Radial propagation of geodesic acoustic modes

TL;DR

This paper introduces a robust method to estimate the radial group velocity of geodesic acoustic modes (GAMs) using energy flux ratios, verified by simulations and analytical calculations, with implications for understanding GAM activity in plasma experiments.

Contribution

It presents a new approach to estimate GAM group velocity via energy flux ratios, adaptable to complex physics and magnetic geometries, improving upon previous direct calculation methods.

Findings

The method is validated with gyrokinetic and two-fluid simulations.

GAM propagation influences the interpretation of experimental GAM activity.

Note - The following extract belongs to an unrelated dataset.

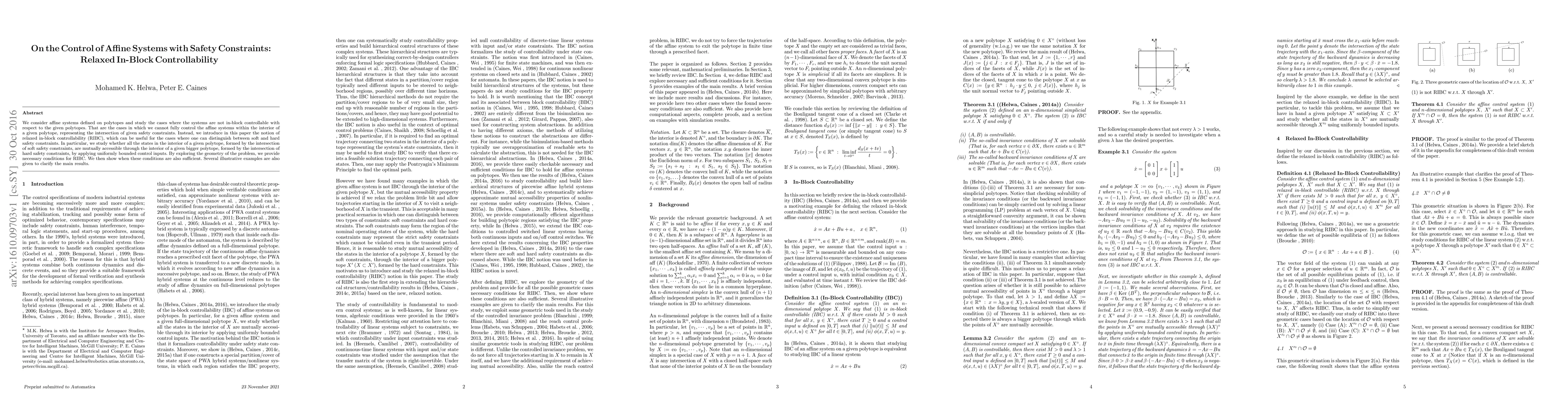 We consider affine systems defined on polytopes and study the cases where the systems are not in-block controllable with respect to the given polytopes. That are the cases in which we cannot fully control the affine systems within the interior of a given polytope, representing the intersection of given safety constraints. Instead, we introduce in this paper the notion of relaxed in-block controllability (RIBC), which can be useful for the cases where one can distinguish between soft and hard safety constraints. In particular, we study whether all the states in the interior of a given polytope, formed by the intersection of soft safety constraints, are mutually accessible through the interior of a given bigger polytope, formed by the intersection of hard safety constraints, by applying uniformly bounded control inputs. By exploring the geometry of the problem, we provide necessary conditions for RIBC. We then show when these conditions are also sufficient. Several illustrative examples are also given to clarify the main results.

The approach can incorporate additional physics like magnetic geometry.

Abstract

The GAM group velocity is estimated from the ratio of the radial free energy flux to the total free energy applying gyrokinetic and two-fluid theory. This method is much more robust than approaches that calculate the group velocity directly and can be generalized to include additional physics, e.g. magnetic geometry. The results are verified with the gyrokinetic code GYRO [J. Candy and R. E. Waltz, J. Comp. Phys. 186, pp. 545-581 (2003)], the two-fluid code NLET [K. Hallatschek and A. Zeiler, Physics of Plasmas 7, pp. 2554-2564 (2000)], and analytical calculations. GAM propagation must be kept in mind when discussing the windows of GAM activity observed experimentally and the match between linear theory and experimental GAM frequencies.